Doordap·Strategy & Sales··8 min read
A developer connected to buyers through rows of broker intermediaries

Channel partners are the fastest way to move inventory, and for most developers they are indispensable. Industry bodies such as NAREDCO note that projects with structured channel networks tend to show higher absorption than those relying on direct marketing alone. But there is a quiet cost to selling entirely through them, one that does not show up on any single project's books and only becomes visible across several launches. We call it the ownership gap: the distance between selling units and owning a market.

Distribution is not the same as demand

A broker network is a distribution engine. It is very good at one thing: taking inventory that exists and finding buyers for it, quickly, on commission, usually in the range of 2 to 4 percent for an exclusive mandate. What it does not do is create demand for your brand, shape how the market understands your project, or build anything you can reuse. When a channel partner closes a buyer, the relationship that produced that sale belongs to the broker, not to you.

That is a fair trade for a single transaction. It becomes a strategic problem when it is your only motion, because three things quietly leave the building with every closed deal.

Three things you hand over

  • The relationship. The buyer trusts the broker who guided them, not the developer behind the project. At your next launch that buyer is the broker's audience to re-sell, not yours to re-engage.
  • The data. Who enquired, what they could afford, what made them hesitate, why they chose a competitor. This is the most valuable input for your next project's pricing and positioning, and sold entirely through channel, you never see it.
  • The narrative. A broker sells the unit that earns the best commission today. The story they tell is optimised for the close, not for what your brand should stand for over the next decade.

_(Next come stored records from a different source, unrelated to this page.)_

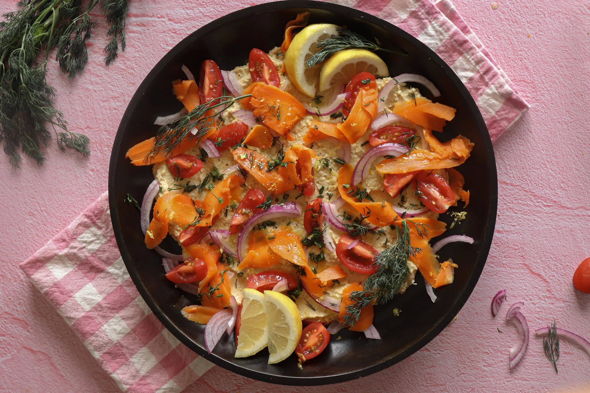 Plateau de ‘‘saumon fumé’’ sur un lit d’hummus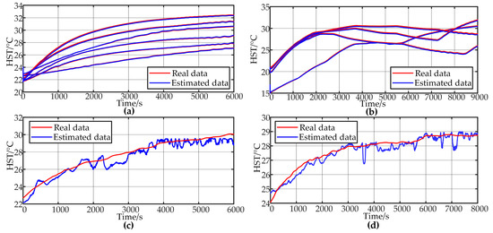The second part involves long-term temperature rise experiments under variable load conditions, simulating applications such as rail transportation. The capacitors undergo temperature rise testing over a long time scale at various power levels set for multiple mission profiles. The DC current and HST data for one group of the data groups are shown in Figure 6d. It can be observed from the figure that there are significant changes in the HST with variations in the DC current at different time intervals. This indicates a strong coupling relationship between the capacitor HST and the DC current.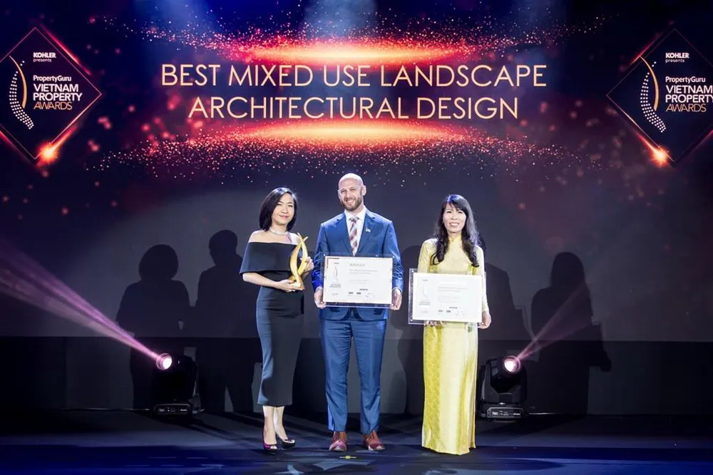 Bà Lê Thị Bích Ngọc (bên phải), Phó Tổng giám đốc Him Lam Land, nhận giải thưởng khu đô thị có Thiết kế kiến trúc cảnh quan đẹp nhất dành cho dự án Him Lam Green Park.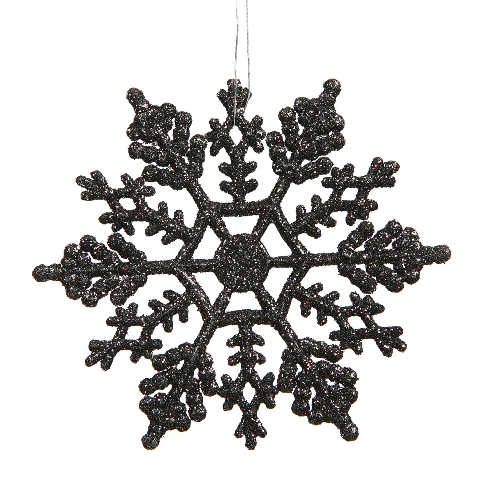 24ct Jet Black Glittered Snowflake Hanging Christmas Ornaments 4"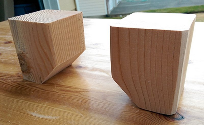 Ножки выполняются из шести почти квадратных брусков, высотой 105 мм., но при желании их допустимо сделать более высокими. Чтобы придать деталям красивую форму, на короткой стороне отмеряется 30 мм., на длинной – 50 мм., образовавшийся угол спиливается, острые кромки зашлифовываются.
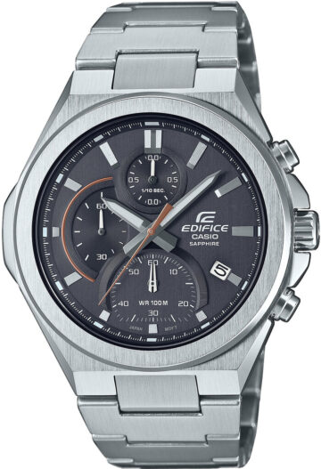 Цей стильний чоловічий годинник Casio Edifice з нержавіючим корпусом і браслетом з нержавіючої сталі має кварцовий механізм, сапфірове скло і водозахист 100 WR. Чорний циферблат з аналоговою індикацією та індикацією дати чудово доповнюється секундоміром і гарантією на 24 місяці.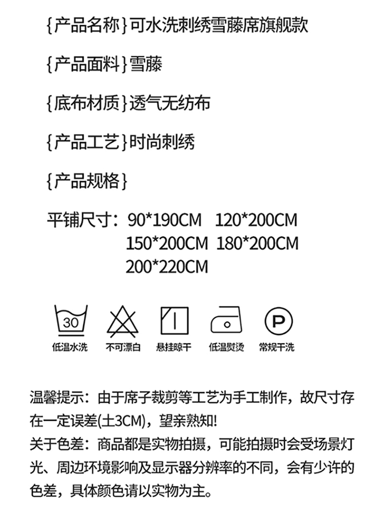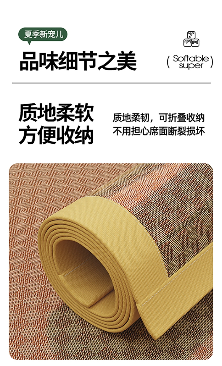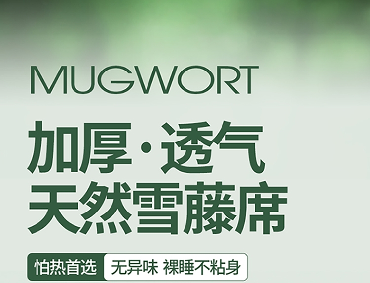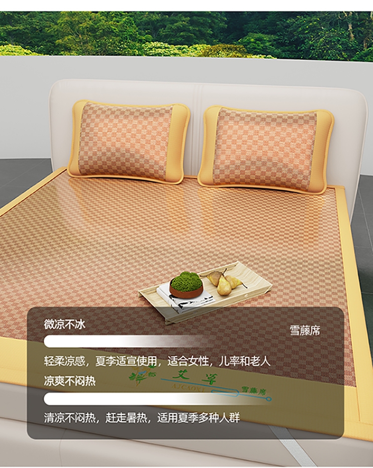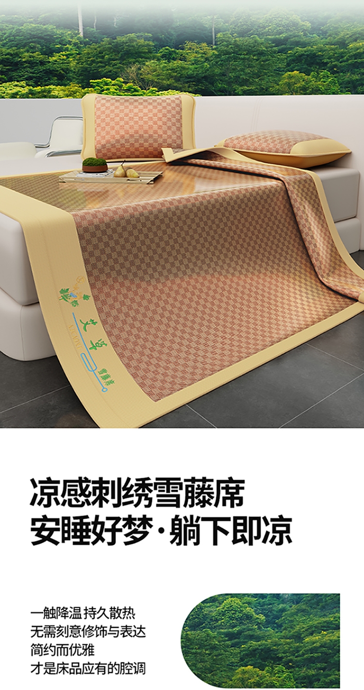 加厚·透气天然雪藤席 怕热首选 无异味 裸睡不粘身;凉感刺绣雪藤席安睡好梦·躺下即凉;甄选天然雪藤席面,自然凉感植物选材坚韧细滑纺织紧密

Why the gap compounds, and why it matters now

On one project the ownership gap is invisible. The units sold and the money came in. The cost appears on the next launch, when you start again from zero: no audience you own, no first-party data to price against, no brand recall that lets you command a premium. A developer who owns demand walks into project two with a warm list and a known position. A developer who only rents distribution walks in cold every single time, and pays the channel again to rebuild what they never kept.

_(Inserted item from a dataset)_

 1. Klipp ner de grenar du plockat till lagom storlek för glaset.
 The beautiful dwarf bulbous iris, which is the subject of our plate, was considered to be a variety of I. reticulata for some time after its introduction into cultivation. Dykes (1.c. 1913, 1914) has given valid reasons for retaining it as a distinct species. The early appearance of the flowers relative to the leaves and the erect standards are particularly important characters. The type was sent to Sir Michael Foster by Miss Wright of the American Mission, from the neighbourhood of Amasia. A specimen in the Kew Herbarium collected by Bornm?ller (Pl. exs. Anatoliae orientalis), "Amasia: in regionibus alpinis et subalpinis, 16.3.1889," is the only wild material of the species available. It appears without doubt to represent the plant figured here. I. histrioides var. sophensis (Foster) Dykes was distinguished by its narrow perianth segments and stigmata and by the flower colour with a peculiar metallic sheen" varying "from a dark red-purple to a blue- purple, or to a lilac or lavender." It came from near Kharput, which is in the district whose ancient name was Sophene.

This is no longer a theoretical concern. The market is consolidating around developers who own their demand. Even as overall housing sales fell in 2025, India's branded developers grew their pre-sales, because buyers increasingly seek them out by name. That recall is exactly the asset a pure channel strategy never builds.

Brokers sell your inventory. Only you can build your market. If every buyer arrives through someone else's relationship, you are renting your own demand back, one project at a time.

This is not an argument against brokers

Channel partners belong in almost every developer's mix. They bring reach, speed and buyers you would not have found alone. The point is not to replace them. It is to stop letting them be the only thing you own. A balanced strategy uses the channel for what it is excellent at while deliberately keeping the assets that compound:

  • A direct demand layer that generates and qualifies buyers in your own name, alongside the channel.
  • First-party data from every enquiry, captured, structured and kept, whoever closes the deal.
  • One controlled narrative for the project, so channel partners amplify your positioning instead of inventing their own.
  • The buyer relationship after the sale, so your next launch opens to an audience you can reach directly.

A simple test

Look at your last project and ask one question. If you launched again tomorrow, how many buyers could you reach without paying a channel partner to introduce them. If the honest answer is close to none, you did not just sell through your channel. You handed it your entire market. Closing the ownership gap does not mean selling less through brokers. It means making sure that when they have done their job, you are left with something more durable than an empty inventory sheet.